"Whoa. This is my first time seeing a Taicang like this."
Zhang Fei wasn't particularly impressed by the so-called Heavenly Pivot itself, but the materials used to cast it caught his eye immediately.
"A million jin of red gold! This old lady's descendants won't be worrying about money for the next several lifetimes."
For once, Liu Bei nodded in agreement with his third brother. At the same time, an old story surfaced in his mind.
The legend of the First Emperor of Qin casting twelve giant bronze men after unifying the realm, each weighing a thousand shi, placed within the imperial palace to suppress the empire's fortune.
Whether the tale was true or false, and where those bronze men ultimately ended up, historians had argued for centuries. Liu Bei himself had always treated it as little more than folklore.
But now, looking at the glowing screen's explanation, one thing was clear.
Regardless of whether the Qin bronze men ever existed, the Tang dynasty's Heavenly Pivot Pillar was very real.
And that made Liu Bei deeply envious.
Back in Jingnan, he'd been so poor he could barely scrape together a meal. Only later, after sugar-making, papermaking, and Shu brocade spread under his rule, did things slowly improve.
Even now, when he boldly declared "We shall reclaim the Three Qins," Kongming's cold assessment still echoed in his ears:
With the current treasury, carrying out grand plans in Yong, Liang, and Guanzhong would be like pouring a cup of water on a raging fire.
Liu Bei had thought that the early Tang, during the Zhenguan era, must have been unimaginably wealthy.

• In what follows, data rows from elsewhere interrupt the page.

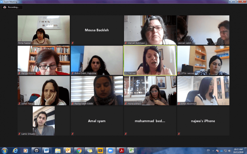 استضافت مؤسسة "مفتاح" بالتنسيق مع الائتلاف النسوي لتطبيق قرار مجلس الأمن 1325 في فلسطين جلسة خاصة عقدت يوم الثلاثاء الموافق 13/10/ 2020 لمناقشة الخطة الاستراتيجية للضغط والمناصرة للائتلاف النسوي 2020-2023، عبر تطبيق زووم، والتي جاء إعدادها نتاجاً لسلسلة من اللقاءات وورش العمل مع المؤسسات ذات الصلة والنساء الفلسطينيات في فلسطين والمنفى التي نفّذتها مؤسسة "مفتاح" خلال الفترة الماضية من العام 2020 بما شملها دراسة تقدير احتياجات وأولويات النساء الفلسطينيات ضمن عناصر القرار الأممي 1325 والمعدّة من قبل "مفتاح" لغرض إعداد الخطة الاستراتيجية.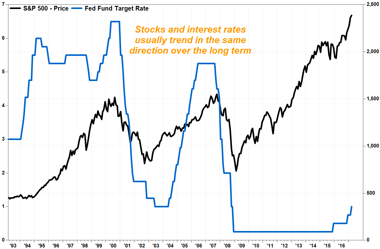The above graph from MarketWatch states that the S&P500 and the interest rates are directly correlated, but the correlation has not been as strong in the past few months. There are always many different variables that influence markets; technology, its rapid advances as well as how fast information travels these days, and how fast we can trade have many implications on market valuations as well as investment decision-making.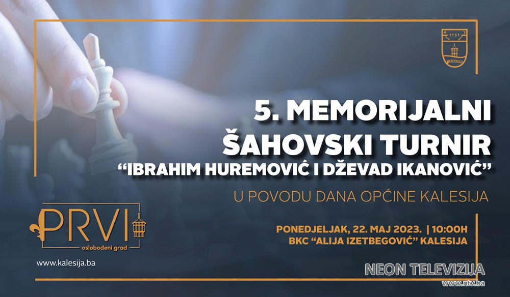 Peti memorijalni šahovski turnir „Ibrahim Huremović i Dževad Ikanović“ igra se u ponedjeljak 22.maja u sa početkom u 10:00 sati u prostorijama Bosanskog kulturnog centra „Alija Izetbegović“ Kalesija.

But compared to the descendants of that so-called "Li Erfeng Emperor," even Zhenguan prosperity amounted to little more than pocket change.
"Gather hundreds of billions from the various barbarians, and supplement it with gold and bronze seized from the people…"
Liu Bei shook his head, but a realization dawned on him.
So this is another perk of being the big brother.
Learned something new today.
Ma Chao, standing below, caught every change in his lord's expression. As a relative newcomer, remembering Liu Bei's generous promises and the vaguely hinted glorious future, hot blood rushed straight to his head.
"My lord, why envy them at all? The Qiang and Hu have copper and iron too! If that's still not enough, I, Ma Chao, am willing to lead elite troops west to Hexi!"
What do you mean, envy? And besides, Liu Bei already intended to bring the Qiang and Hu back under Han rule. How could he strip them of their resources?
His face darkened immediately.
"How are the Qiang not Han people? And gold and iron can't be eaten or drunk. What use are they?"
"Do not speak of this again, Mengqi. If I hear it once more, I will not spare you."
Ma Chao immediately bowed in apology, not daring to stop.
Liu Bei waved a hand and softened his tone.
"Still, your loyalty is commendable. When the day comes to march out of Tong Pass, I will surely appoint you vanguard of the three armies."
Fear turned into joy on the spot.
The moment those words left his mouth, Zhang Fei felt sour. He jumped up at once.
"Big brother, I want to be vanguard too!"
Liu Bei didn't even look at him.
"This matter is not permitted."
A few days earlier, Kongming had said it plainly: Yide and Mengqi were both rough men with hidden finesse. But send them out together, and only the roughness remained.
The more Liu Bei thought about it, the more reasonable it sounded. So he refused without hesitation.
Zhang Fei plopped back down, puffing like an angry bull.
They always say you beat a man with a stick, then give him a date afterward.
I, Zhang Fei, have eaten way more sticks than Ma Chao ever has!
So why does only Ma Chao get the date this time?
Kongming chuckled, tapping the table to draw his attention.
"When we march out of Tong Pass, will there be only one army?"
Zhang Fei's eyes lit up instantly.
Still the strategist. Still the strategist.
Beside Kongming, Lu Su had already listened to Pang Tong's explanation and finally pieced it together with the map hanging behind them. Awed and astonished, he offered his judgment.
"If the Western Regions are to be governed long-term, military garrisons are indispensable."
"Orders that change by morning and evening damage imperial authority and harm the Western Regions' faith in Han."
Seeing Pang Tong nod in agreement, Lu Su casually lowered his voice.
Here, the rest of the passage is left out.